Yeah no worries brother, I appreciate you chiming in.



bogmali said:


> Thread cleansed.....Welcome to TPU @Forsaken_Gamer !



Thanks! Glad to be here. Been a long time lurker.



Xx Tek Tip xX said:


> @Forsaken_Gamer You did ask for our input - my input was calling BS on the clock speed, which is accurate since unless your on ln2. Let's end it here by bashing hwmonitor for giving you false clock speed which isn't a massive problem.

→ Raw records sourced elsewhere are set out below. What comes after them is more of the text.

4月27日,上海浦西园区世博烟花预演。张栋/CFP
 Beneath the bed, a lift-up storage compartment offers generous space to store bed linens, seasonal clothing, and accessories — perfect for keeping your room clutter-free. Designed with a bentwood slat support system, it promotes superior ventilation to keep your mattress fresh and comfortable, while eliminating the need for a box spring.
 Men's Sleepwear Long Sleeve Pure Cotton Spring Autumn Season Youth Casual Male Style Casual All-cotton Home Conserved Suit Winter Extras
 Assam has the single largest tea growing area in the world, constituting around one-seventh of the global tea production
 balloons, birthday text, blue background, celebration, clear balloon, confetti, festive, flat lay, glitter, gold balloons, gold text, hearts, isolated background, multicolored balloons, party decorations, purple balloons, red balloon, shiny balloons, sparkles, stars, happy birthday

Right on! I'm glad I was reminded of HWInfo64 to give me accurate readings.


----------



## RealNeil (Sep 8, 2018)

bogmali said:


> Welcome to TPU @Forsaken_Gamer !



Yes, welcome to our little corner of the web.


----------



## eidairaman1 (Sep 8, 2018)

Forsaken_Gamer said:


> Yeah no worries brother, I appreciate you chiming in.
> 
> 
> 
> ...



Better yet all these software programs that inaccurately display the information from the sensors should be reported to the software makers to be fixed.


----------



## IceShroom (Sep 10, 2018)

HWMonitor is showing wrong fan speed if it keeped open for long time and showing fan speed for header which have no fan.


----------



## AlwaysHope (Sep 10, 2018)

Apart from HWMonitor, even latest release of HWiNFO64 (v5.88) does not always get everything correct. 

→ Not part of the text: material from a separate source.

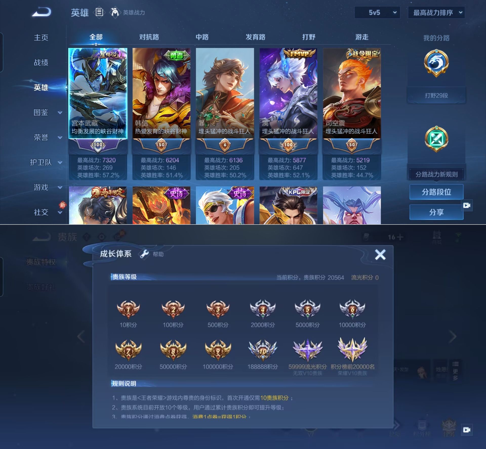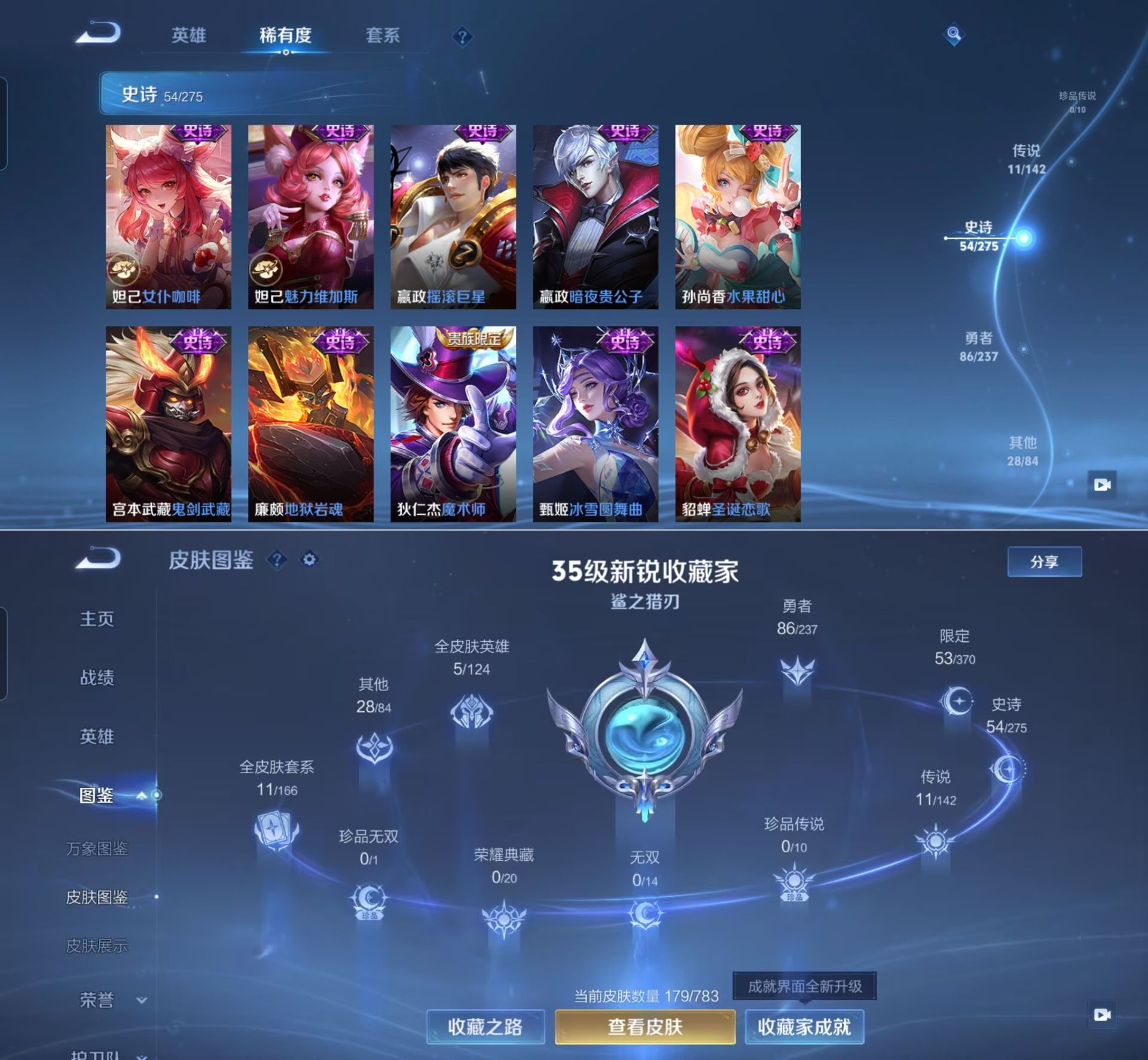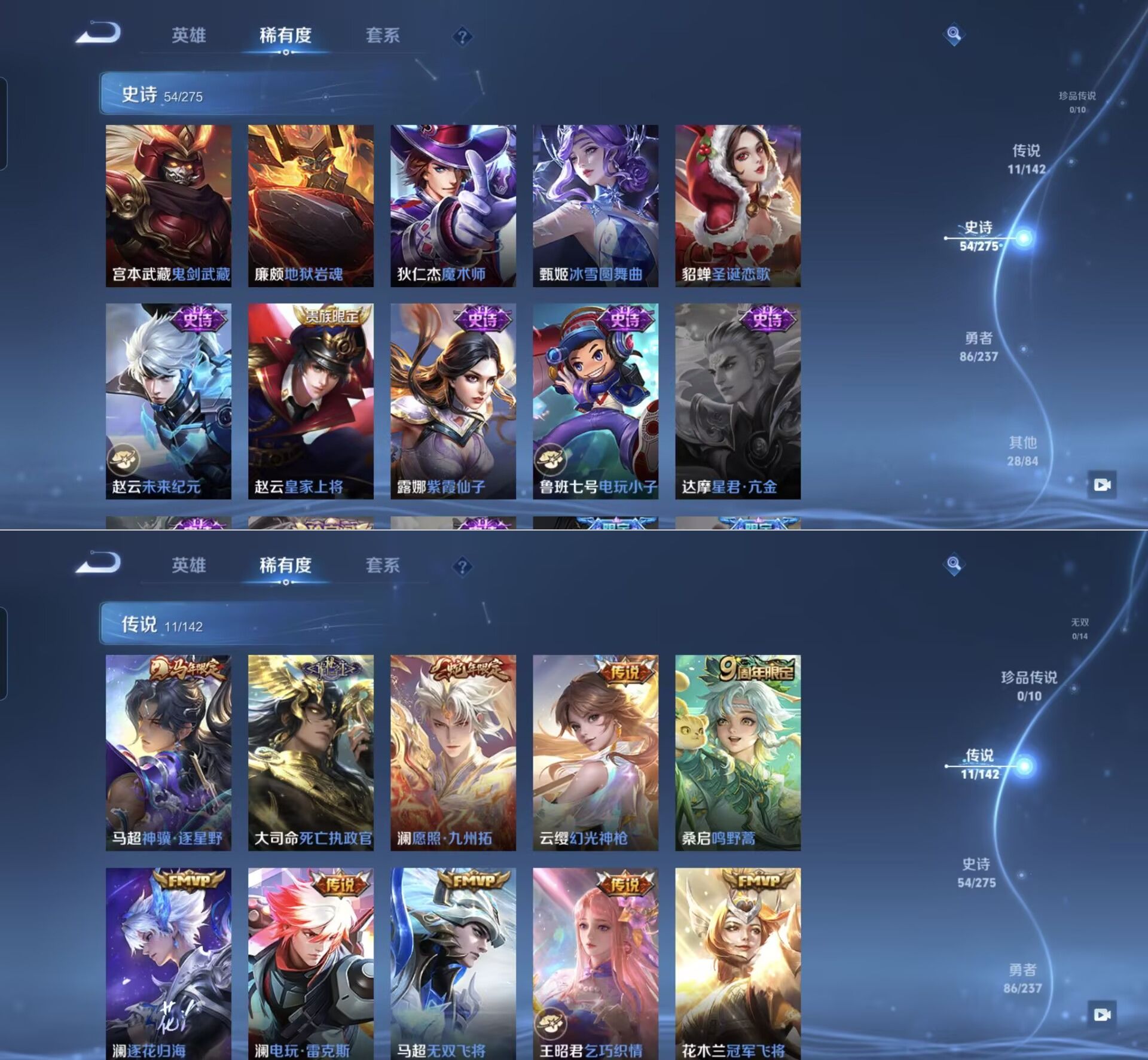 贵族等级:v7皮肤数:179传说品质11 生肖限定2 英雄数:127

On the system in my 'System Specs' it regularly reports CPU fan maximum as over 3,000rpm when under full load, yet 1 fan on CPU cooler tops out at 2,200rpm, 2nd one a bit less. 

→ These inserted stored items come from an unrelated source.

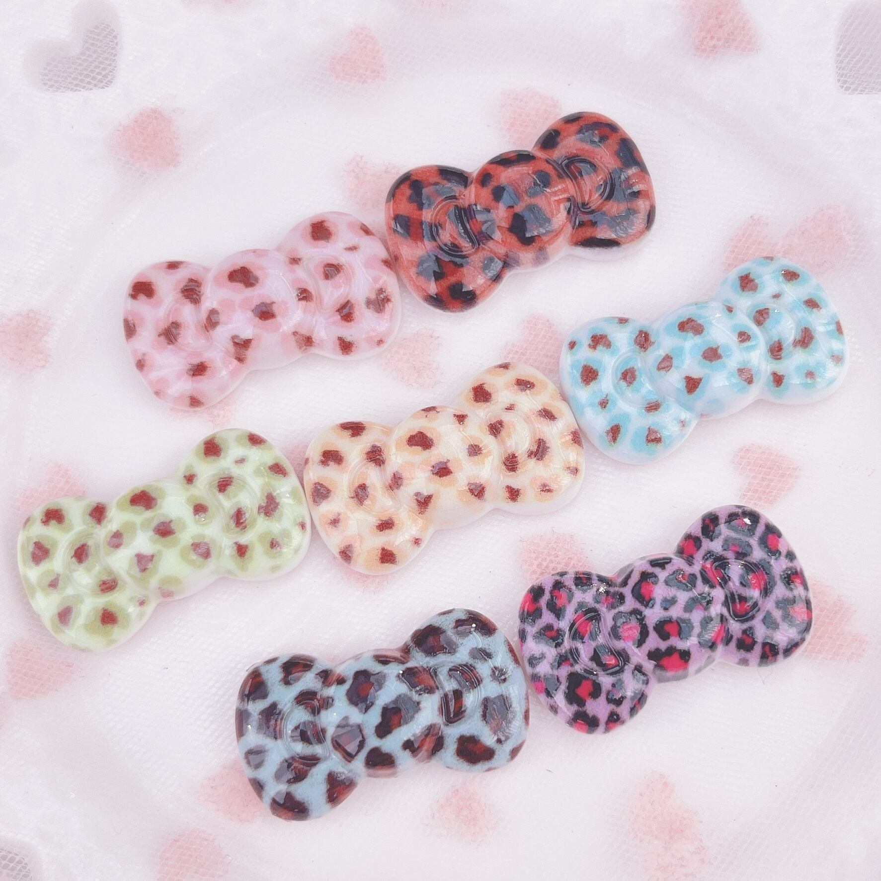 【全色セット(7個)】レオパード柄 りぼん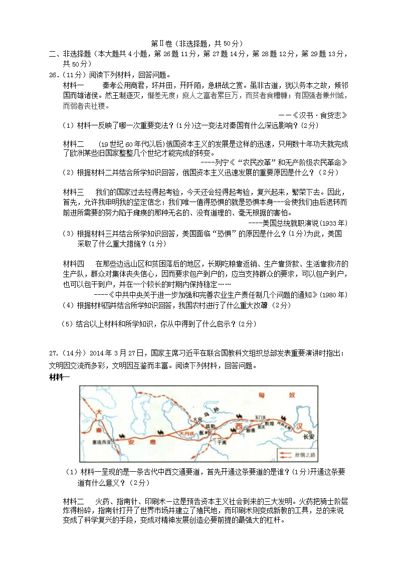 【文档名称】 2014年云南曲靖中考历史真题及答案(Word版).doc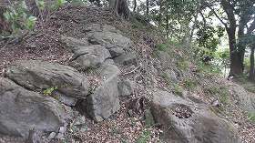 | 最高所の土壇状の部分を見上げた所。 | 1郭周囲にある石積みらしく見えるもの。 |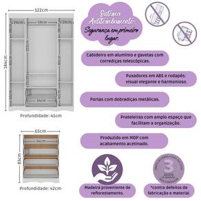 Diferenciais: - 3 anos de garantia contra defeitos de fabricação e material (exceto colchão). - Conjunto produzido em madeira de reflorestamento (MDP 12/15mm) com acabamento acetinado (cerca de 20% de brilho): sustentabilidade e durabilidade. - Berço 3 em 1 que se transforma em sofá e minicama, acompanhando o crescimento do bebê. - Lastro em madeira com 3 regulagens de altura e suporte para mosquiteiro para noites mais tranquilas e protegidas. - Berço certificado pelo INMETRO (Selo n 0000085/2018). - Padrão americano (tamanho do colchão: 130x70cm). - Colchão D18 incluso: possui tratamento antiácaro, antialérgico, antimofo e um dos lados impermeável. - Grade Soft (PVC): ecologicamente correta, com matéria-prima livre de metais pesados, atóxica e com proteção antiamarelamento. - Guarda-roupa com 4 portas e 2 gavetas: amplo espaço para organizar roupinhas e acessórios. - Cômoda com 4 gavetas. - Corrediças telescópicas: abertura total e silenciosa das gavetas. - Cabideiro em alumínio: permite acomodar roupas longas e curtas para que não amassem. - Puxadores em ABS delicados e práticos. - Rodapés usinados em MDF: visual elegante para o guarda-roupa e a cômoda. - Sistema antitombamento no guarda-roupa e cômoda: proporciona segurança para o bebê e tranquilidade aos pais.

So every bit of technical details these monitoring packages report is not always 100% correct. Splitting hairs as that may sound, but overall they are pretty good imo.



chaosmassive said:


> I know this is glitch
> but can we daydream for a while looking at that value?
> 5 GHz on Ryzen CPU, sounds like dream come true...




Even 4.5GHz for 2600X on all cores under air cooling, stable for gaming would be my goal. 

But on B450 platform, early days for bioses.


----------



## Vayra86 (Sep 13, 2018)

IceShroom said:


> HWMonitor is showing wrong fan speed if it keeped open for long time and showing fan speed for header which have no fan.View attachment 106505



That's sweet, so at 67500 RPM, that CPU probably gets wings!

*and even at 2.3v


----------



## IceShroom (Sep 14, 2018)

Vayra86 said:


> That's sweet, so at 67500 RPM, that CPU probably gets wings!
> 
> *and even at 2.3v


Didn't notice that.
On CPU-Z & HWinfo, voltage under load tops out at 1.061V.


----------